The Machiguenga (also Matsigenka, Matsigenga) are an indigenous people who live in the high jungle, ormontaña, area on the eastern slopes of the Andes and in the Amazon Basin jungle regions of southeastern Peru. Their population in 2020 amounted to about 18,000. Formerly they were hunter-gatherer but today the majority are sedentary swidden cultivators. The main crops grown are manioc, maiz, and bananas, but today commercial crops such as coffee and cacao are increasingly important. Their main source of protein used to be peccary and monkeys but today fish has become more important as game animals have become increasingly scarce as a consequence of the encroachment from highland immigrants to the area and the exploitation of the Camisea gas finds.

Culture
Most Machiguenga do not have personal names.
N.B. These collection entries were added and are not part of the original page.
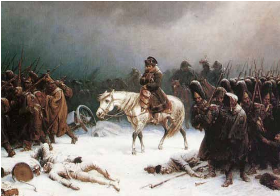
La retirada de Napoleón de Moscú. Adolph Northen

En el otoño de 1812 una larga columna humana de varios kilómetros de longitud se arrastraba penosamente por la estepa rusa en dirección a la frontera salvadora, una caravana tan inmensa que se alargaba hasta el infinito. Eran los restos de la Grande Armée de Napoléon, de aquellos más de 500.000 soldados que el 24 de junio pasado habían atravesado triunfantes el río Niemen, dispuestos a doblar al zar Alejandro.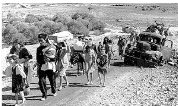
«یوم النکبه» روز مصیبت، روز تبعید فلسطینیان در سال ۱۹۴۸

«اسپیریت آف راشل کوری» بی آن که ردیابی شود وارد آب غزه شد. نیروی دریایی اسرائیل با تمام تجهیزات رادار و آخرین فن آوری هائی که در اختیار دارد، از ارسال و مأموریت این کشتی آگاه نشده بود. اسرائیلی ها آماده نبودند و از پیش هیچ اطلاعی درباره مأموریت راشل کوری نداشتند که از ماه ها پیش برنامه ریزی شده بود، و می بایستی به مناسبت روز «یوم النکبه» به ساحل غزه برسند.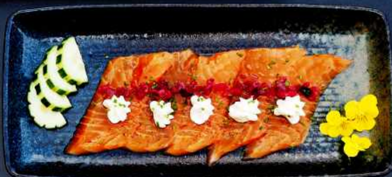
C2. LAKS CARPACCIO 85,- Soyamarineret laks toppet med flødeost forårslæg og marineret rødløg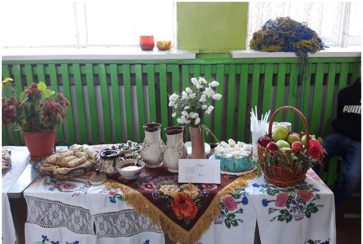
Фото 3. Благодійна акція «Осінній ярмарок єдності та солідарності»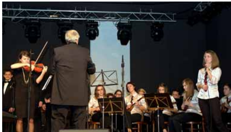
Moški pevski zbor Talum z gosti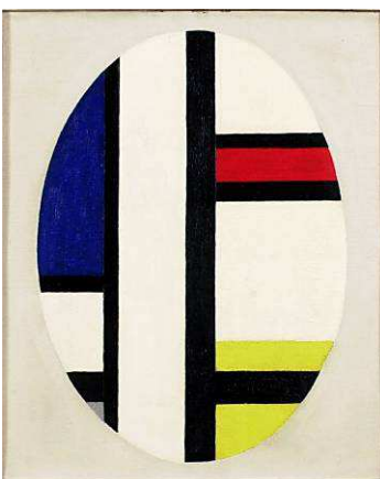
Jean Gorin, Composition n° 18 , 1944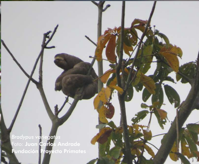
Bradypus variegatus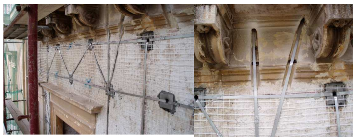
Cordolo tipo alla Giuffrè ai piani intermedi in continuità con la maglia diffusa applicata all'intero prospetto alto 15 m per la sua messa in sicurezza prima della demolizione della parte interna del fabbricato e la successiva costruzione dell'edificio in C.A. (Vittoria).

MESSA IN SICUREZZA MIGLIORAMENTO E ADEGUAMENTO SISMICO EDIFICI INDUSTRIALI ED ABITATIVI IN C.A. E MURATURA CON SISTEMA C.A.M. SECONDO LE LINEE GUIDA DEL D.M. 14-1-2008 E DEL D.L. 74/2012

Members of the same band are identified by kin terminology, while members of a different band or tribe are referred to by their Spanish names.

Most Matsigenka are today Christian (mainly Catholic) but commonly they still entertain animists notions. Spirits and demons influence everyday life whereas the creator gods have withdrawn and are indifferent to humans. Shamans used to play a prominent role in local society, today though they are less visible and certain of their functions have been taken over by healers.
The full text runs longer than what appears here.